10. The staff shared the following comments related to the Form N-MFP:
a) The staff noted that Item 27 requires the title or description of the security to
include the interest rate, coupon, and maturity.
b) The staff noted that Item 44 requires the adviser to identify illiquid securities,
which would include term repurchase agreements that extend beyond 5
business days.
c) The staff noted that Items 17 and 24 require that the yield needs to be entered
as a decimal point and not as a percentage (that is, if the yield is 13 percent,
“.13” should be entered rather than “13”). The system assumes the registrant
puts in the actual amount and will automatically adjust it to a percentage.
11. The staff provided an XBRL Update. Provisions for filing certain prospectus data
became effective January 1, 2011 and to date, over 800 filings have been received
using XBRL. The SEC has received numerous questions, which were summarized
into three themes:
a) Filing process - related to which form and how the filing should be made. As
advice on the filing process for XBRL, the staff reminded the panel that
registrants have an opportunity to perform a test filing before each actual
filing within EDGAR, which will allow the adviser to (1) put the XBRL
submission through EDGAR’s validation process and (2) preview the
submission to ensure data integrity and completeness.
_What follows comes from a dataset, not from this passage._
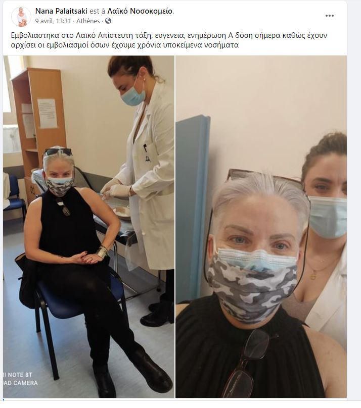 Σύμφωνα με το medlabnews.gr iatrikanea ”Νανά Παλαιτσάκη: Σε κρίσιμη κατάσταση στο νοσοκομείο μια ημέρα μετά τον εμβολιασμό της”.

b) The viewer – the staff noted this should be used as a tool and should not be
looked at as the end goal for XBRL. In utilizing the viewer, the adviser
should ensure that all data contained in the HTML version of the Risk/Return
Summary is in the XBRL filing. Advisers should also note that there are
certain limitations to the viewer, most of which relate to formatting, (such as,
indentation, bolding, underlines). Thus, in certain instances, the XBRL data
viewed in the viewer will not exactly match how it has been disclosed in its
HTML version.
c) Website postings - A fund is required to post what has been submitted to the
Commission as an XBRL filing to its website. If the fund does not have a
website, the SEC expects that it would be posted on the website from which
an investor obtains financial information or fund literature. Typically that
would be a website of the fund’s sponsor, distribution agent or another
appropriate third party.
The staff noted there is no time table currently as to when it will be mandatory to
include the Schedule of Investments as an XBRL submission. The staff
encouraged users to submit any XBRL-related questions via email to Askoid@sec.gov.
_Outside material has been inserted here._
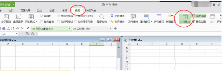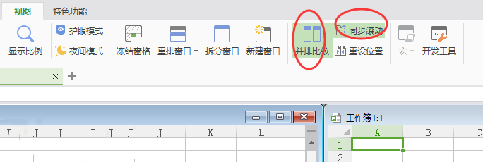 1、打开需要的表格(可以同一窗口2个工作簿,也可以是两个独立的窗口),选中“视图-并排比较”如下图,可以看到工作簿1 和工作簿2 是并排显示的,主要用于对比。

12. The EP members and staff continued to discuss consolidation of nonregistered
investment companies (including special-purpose vehicles) by BDCs. The staff has
requested advisers and accounting firms to consult with the SEC, as necessary, with
specific fact patterns.
13. The EP members and the staff discussed BDCs which are being formed through
contribution of an existing private fund portfolio, or portions of multiple portfolios,
upon launch. The issue has arisen regarding what information should be included in
the registration statement and what pro-forma information should be provided. The
staff indicated that the appropriate disclosures may vary depending on facts and
circumstances and advisers should consult with the SEC, as necessary.
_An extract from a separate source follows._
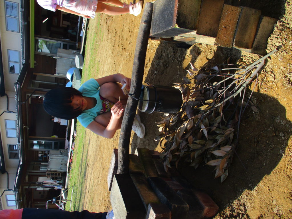 給食を食べてからは、飯盒炊爨をしました。

14. The staff described how the SEC and CFTC are meeting to discuss proposed CFTC
rules (for example, Rule 4.5 proposal that impacts RICs, including proposal to rescind
sections 4.13(a)(3) and (a)(4) exemptions from registration as a commodity pool
operator (CPO)). Currently, the CFTC exempts RICs from registration with the
CFTC, but under the proposed rules, certain funds and advisers may also be required
to register with the CFTC as CPOs. The SEC acknowledged there were some
disclosure and reporting requirements in the proposed rules that would be duplicative
and conflicting, thus the SEC is working with the CFTC to mitigate these conflicting
or duplicative requirements.
15. The staff discussed the article “SEC Looks for Ways to Improve Fund Shareholder
Reports” published on Ignites.com on April 28, 2011. The article describes testimony
of Lori Schock, Director of the SEC Office of Investor Education and Advocacy, on
gathering feedback from investors on what types of information is useful, whether
disclosure in fund shareholder reports is adequate, and how it can be improved.